PROBLEM:
Quote, word for word, only the lines running from the line with "2020年7月21日11時,收到氣象臺發" through the end of the listing. Leave out the pictures.

DATA:
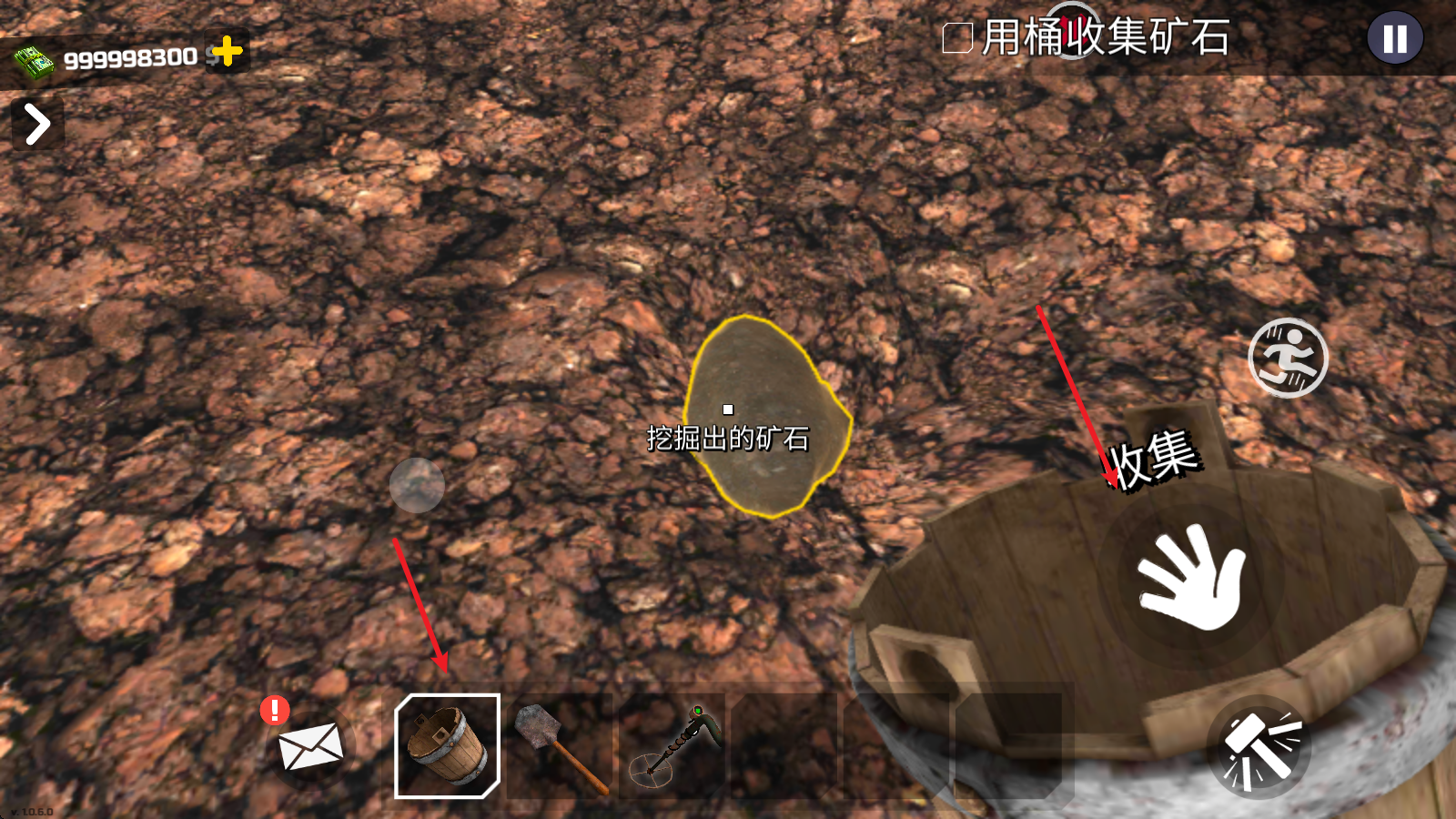 2、随后掏出铲子进行挖掘,直到矿石整个轮廓出现,我们就可以拿出桶将其装起来。
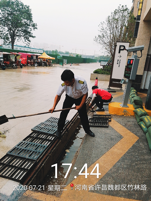 2020年7月21日11時,收到氣象臺發(fā)布省內(nèi)大部分城市迎來暴雨的預(yù)警,美盛物業(yè)汛期前成立的防汛領(lǐng)導(dǎo)小組,迅速集結(jié)完畢,切實采取各種有效措施,真切關(guān)注各項目安危,維護(hù)廣大業(yè)主正常工作、生活環(huán)境,保持良好的衛(wèi)生環(huán)境及秩序,立足于做好防汛、防災(zāi)準(zhǔn)備工作,迅速啟動防汛應(yīng)急預(yù)案。
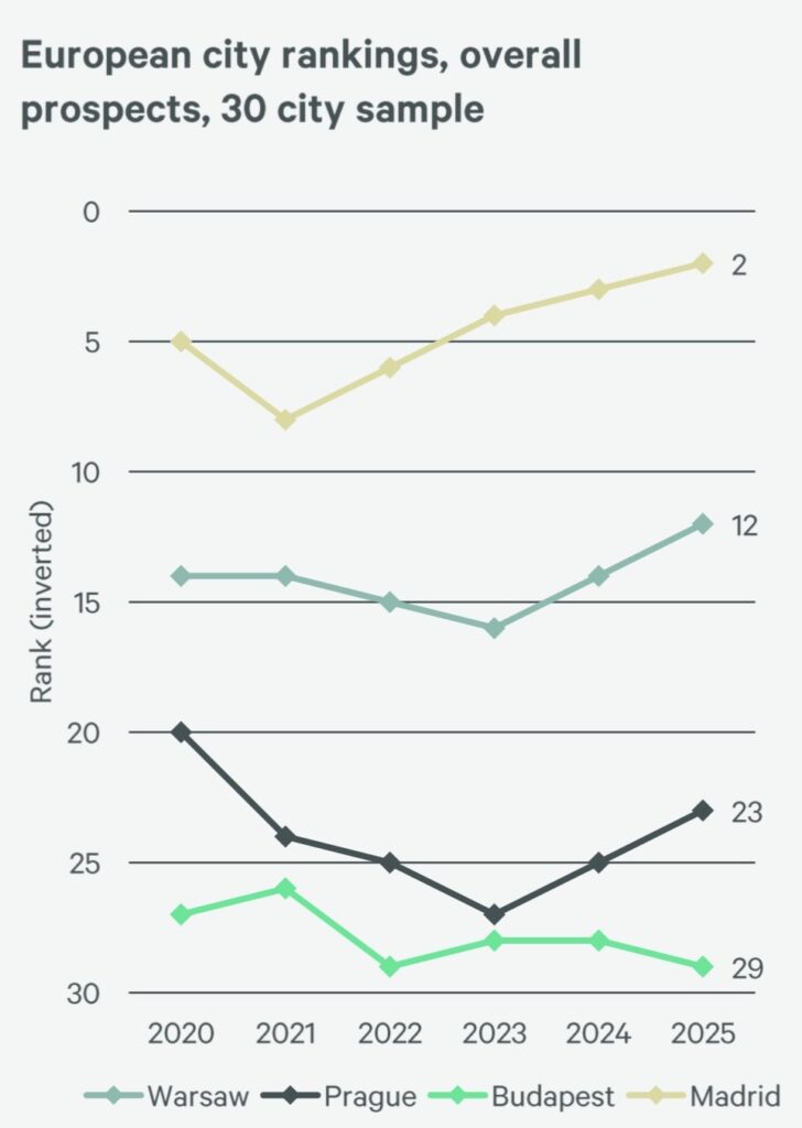 Among European cities, Budapest has lost ground while Warsaw and Prague are up, respectively at n12 and n23 in the rankings.
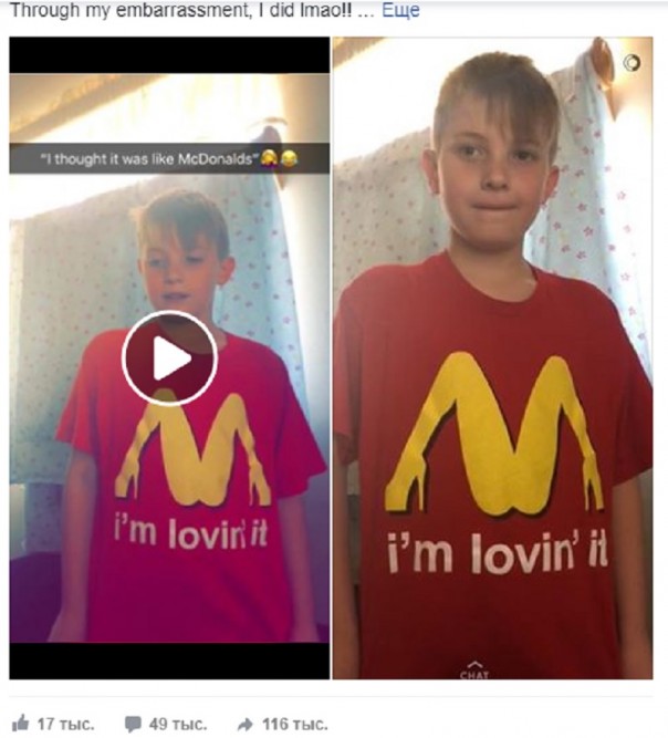 Третье место. Шелли Маккулар очень торопилась с утра, поэтому разрешила своему сыну Энтони выбрать любую одежду для школы. Мальчику приглянулась красная футболка с логотипом "Макдоналдса" и лозунгом компании I'm loving it, пишет Mirror. Видимо, сам Энтони тоже торопился на занятия, так как не соизволил развернуть футболку до конца или хотя бы посмотреть в зеркало перед выходом. Принт на футболке действительно похож на знаменитую золотую букву "М", только на конце её оказались женские каблуки, благодаря чему рисунок стал явно уж не для детей. Учителя возмутились внешним видом Энтони и сообщили об этом Шелли. Ей стало жутко неудобно, и в своём "фейсбуке" она решила извиниться публично перед всей школой. Дикие люди! Вопрос ведь совсем не в том, что мальчик пришел в подобном «прикиде» в школу. Вопрос в том, откуда вообще взялась подобная футболка в гардеробе ребенка?

RESULT BELOW:
 2020年7月21日11時,收到氣象臺發(fā)布省內(nèi)大部分城市迎來暴雨的預(yù)警,美盛物業(yè)汛期前成立的防汛領(lǐng)導(dǎo)小組,迅速集結(jié)完畢,切實采取各種有效措施,真切關(guān)注各項目安危,維護(hù)廣大業(yè)主正常工作、生活環(huán)境,保持良好的衛(wèi)生環(huán)境及秩序,立足于做好防汛、防災(zāi)準(zhǔn)備工作,迅速啟動防汛應(yīng)急預(yù)案。
 Among European cities, Budapest has lost ground while Warsaw and Prague are up, respectively at n12 and n23 in the rankings.
 Третье место. Шелли Маккулар очень торопилась с утра, поэтому разрешила своему сыну Энтони выбрать любую одежду для школы. Мальчику приглянулась красная футболка с логотипом "Макдоналдса" и лозунгом компании I'm loving it, пишет Mirror. Видимо, сам Энтони тоже торопился на занятия, так как не соизволил развернуть футболку до конца или хотя бы посмотреть в зеркало перед выходом. Принт на футболке действительно похож на знаменитую золотую букву "М", только на конце её оказались женские каблуки, благодаря чему рисунок стал явно уж не для детей. Учителя возмутились внешним видом Энтони и сообщили об этом Шелли. Ей стало жутко неудобно, и в своём "фейсбуке" она решила извиниться публично перед всей школой. Дикие люди! Вопрос ведь совсем не в том, что мальчик пришел в подобном «прикиде» в школу. Вопрос в том, откуда вообще взялась подобная футболка в гардеробе ребенка?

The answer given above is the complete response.